Andrew’s head swam pleasantly. He hadn’t had much to eat before coming out. He’d dropped the finished roach somewhere outside, and he wondered if people often set the yard alight by accident during drought weeks.

“Maybe I am,” he allowed. “Where’s your, uh, your girlfriend?”

Riley wrinkled his nose and said, “Did you check the scene outside? I think Ethan is the only person at this party who isn’t white, and Irene is the lone chick. Luca doesn’t want to deal with that, and I don’t blame her. Sam’s parties are kind of … their own thing, you know? He mixes business with pleasure.”

Andrew rewound his memory to check against Riley’s explanation. He hadn’t noticed the party’s makeup, but on second thought, he guessed it was true. Most of the faces he’d passed were variations on his own—or, more accurately, Sam’s. Scruff on square jaws, farmer’s tans, high-top sneakers and blue jeans. West’s initial warning took on a different significance in hindsight, with Riley’s comment that his girlfriend wouldn’t be caught in this white, rowdy crowd ringing in his ears.

“Hey,” Halse bellowed from the deck. “Stop hogging the guest of honor!”

“Get fucked, Sam!” Riley hollered back, voice cracking.

Andrew glanced at his own shaking hands. He kept expecting to hear Eddie’s voice in the cacophony outside, sliding between the gaps of the music when the track changed. Riley’s palm slapped onto the back of his neck and squeezed. Andrew blinked down at him as Riley searched his face with drawn-together brows.

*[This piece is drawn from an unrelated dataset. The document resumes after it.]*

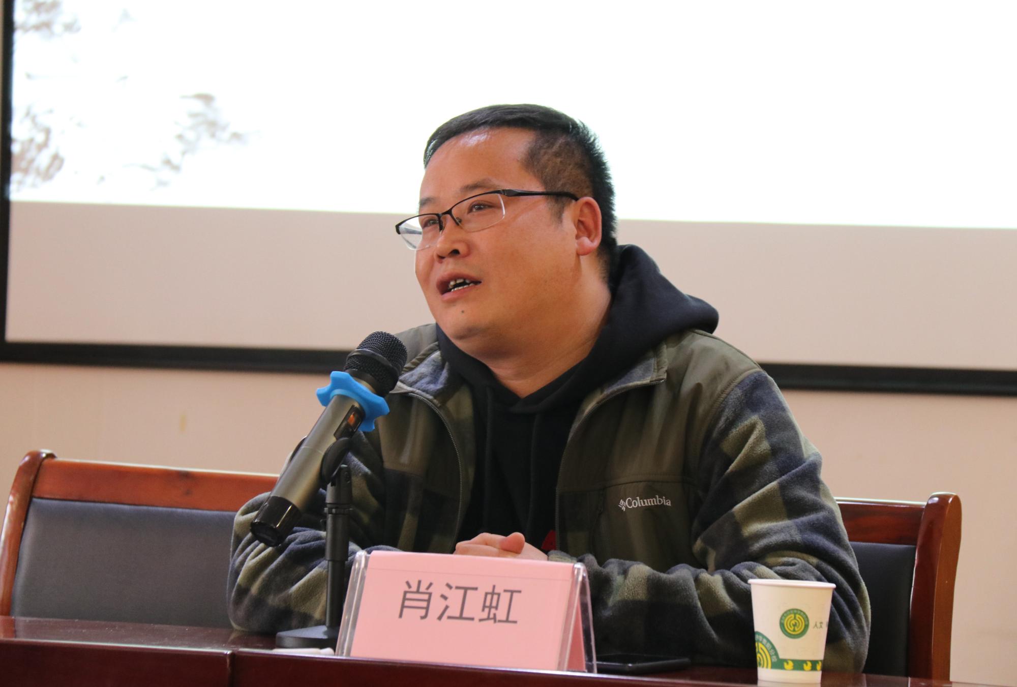 肖江虹首先向大家分享了自己与语文之间的趣味小故事,并讲述自己与语文之间的不解之缘。小学语文老师为他埋下了文学的种子,初中语文老师指导他写作文并获奖,使得她对文学的热情更加浓烈。接着他向大家分析中学写作文和写作之间的差别,作家不一定能写好中学作文,容易审题跑偏,言语不当。肖江虹认为中学语文老师的工作不是简简单单的对学生考试的教学,更多的是人文教育工作。现在的学生大多不具备发散性思维,写作模式过于单一、刻板,缺乏真情实感,这是老师们在教学过程中需要注意的问题。一个好的语文老师要教会学生甄别好的文学作品。现在作家想象力受限,题材内容雷同,脱离现实并且缺乏安顿人物的能力。引导学生看好作品、读好作品对写作来讲至关重要。
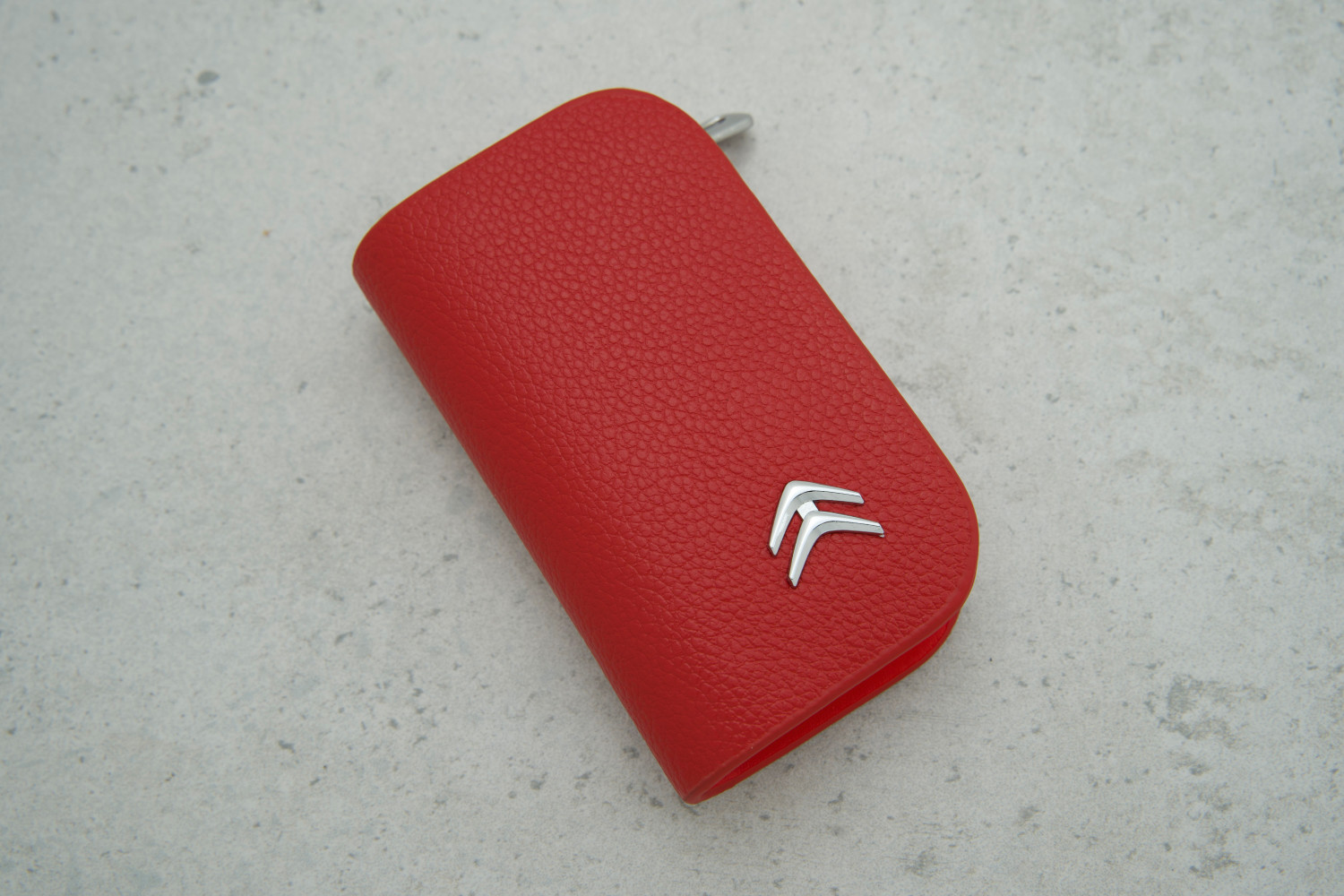 Ключниця-чохол для автоключів Citroen червона шкіряна — практичний аксесуар для акуратного зберігання та захисту автомобільного ключа від подряпин і щоденного зносу.

“Quit that pussy shit,” Halse said from the doorway.

Andrew jerked free and Riley huffed, “Shut up, Sam.”

Halse shoved aside a stack of cups and said, “Go grab me a book, oh cousin of mine.”

“I don’t think—”

“He doesn’t have to, but I’m going to,” Halse said.

Andrew sat at the kitchen table while Riley disappeared into the bowels of the house. Halse leaned against the counter. His black jeans rode low on his hips, baring inches of an electric green pair of boxer briefs. The muscle tank he wore had a grease stain on the side in the shape of a palm, smeared and faded. He expected Halse to speak, but the silence settled. The weight of the ticking clock dragged them both toward sunset.